Doctoral Dissertations

Date of Award


Degree Type


Degree Name

Doctor of Philosophy


Life Sciences

Major Professor

Jeffrey Becker


In order to rapidly probe the structure of proteins in solution, a protocol for chemical modification of solvent accessible amino acid side chains was developed, and the sites of modification were determined by mass spectrometry to describe the surface of the protein. The knowledge gained about side chain solvent accessibility allowed the critical evaluation of structural models for the proteins examined, allowing incorrect models to be rejected and more likely models to be proposed. Methods were developed using either Fenton chemistry or photolysis of hydrogen peroxide to generate hydroxyl radicals in situ. The oxidation chemistry of these radicals with the side chains of various amino acids were exploited to label solvent accessible sites on several model proteins of known tertiary structure.
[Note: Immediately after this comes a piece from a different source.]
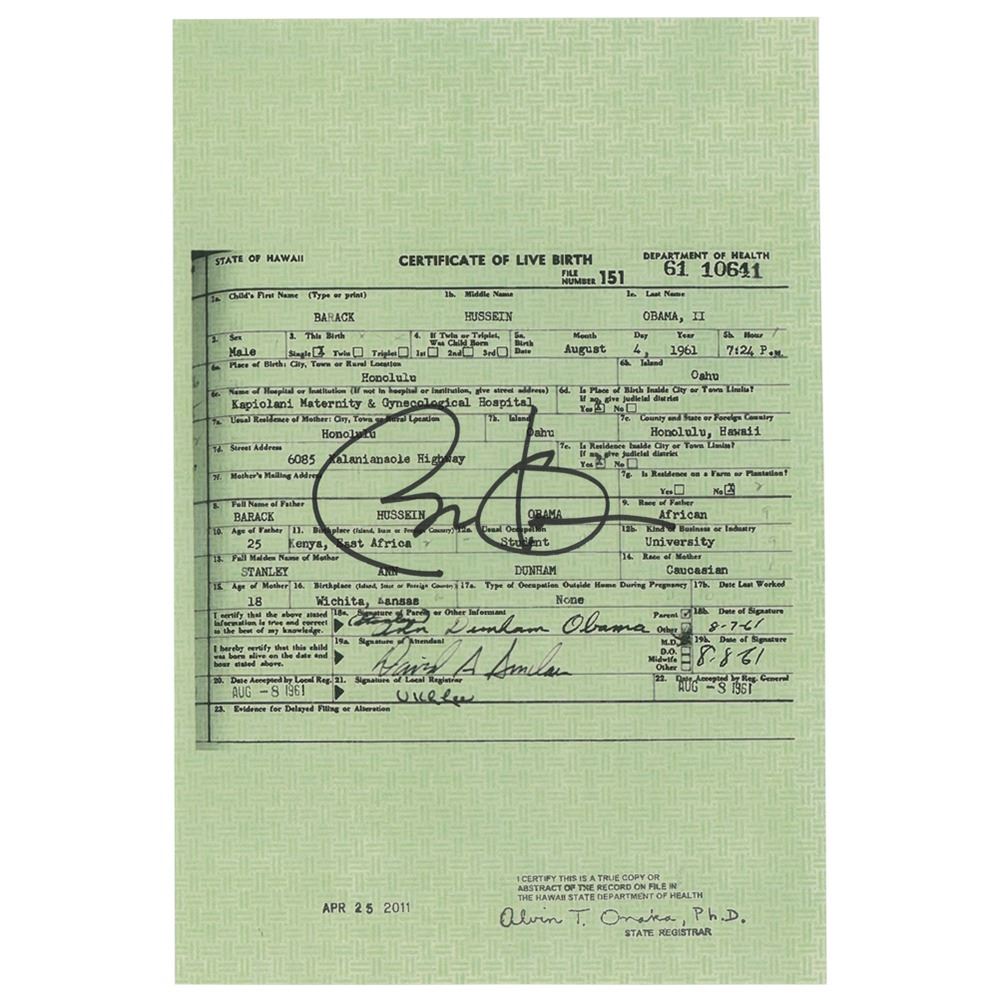Felt tip signature, "Barack Obama," on a 5.75 x 8.5 page, on which a copy of his 'Certificate of Live Birth' has been printed. In very fine condition. In 2011, President Obama released this 'long form' version of his Hawaii birth certificate in response to growing assertions that he was not a natural-born US citizen.

The relative apparent rate of oxidation of the side chains was shown to be a function of the known solvent accessibility and the chemical reactivity of the amino acid. The known properties of hydroxyl radical oxidation of amino acid side chains allows hydroxyl radical surface mapping data to be used as biophysical constraints for evaluating structural models of proteins and protein-protein interactions. Computational models of the yeast ribonucleotide reductase inhibitor protein Sml 1 p were evaluated using surface mapping data of the functional C 14S Sml 1 p protein. Various full atom computational models were discredited based on the surface mapping data, and a manually adjusted computational model was generated that possessed low free energy, and agreed with surface mapping data, partial NMR data, and tryptophan anisotropy and quenching data. In addition, the interaction between peptides forming AB fibrils, implicated in Alzheimer's disease, were examined using hydroxyl radicals. This radical mapping suggests that the model proffered by Perutz et al, which states that the AB fibril is a solvent-filled nanotube, is incorrect. Overall, chemically-generated hydroxyl radicals have been developed as a general, multi-target labeling reagent for protein surfaces. Hydroxyl radical surface maps can be used to characterize protein tertiary and quaternary structure and to apply valuable biophysical constraints for structural modeling.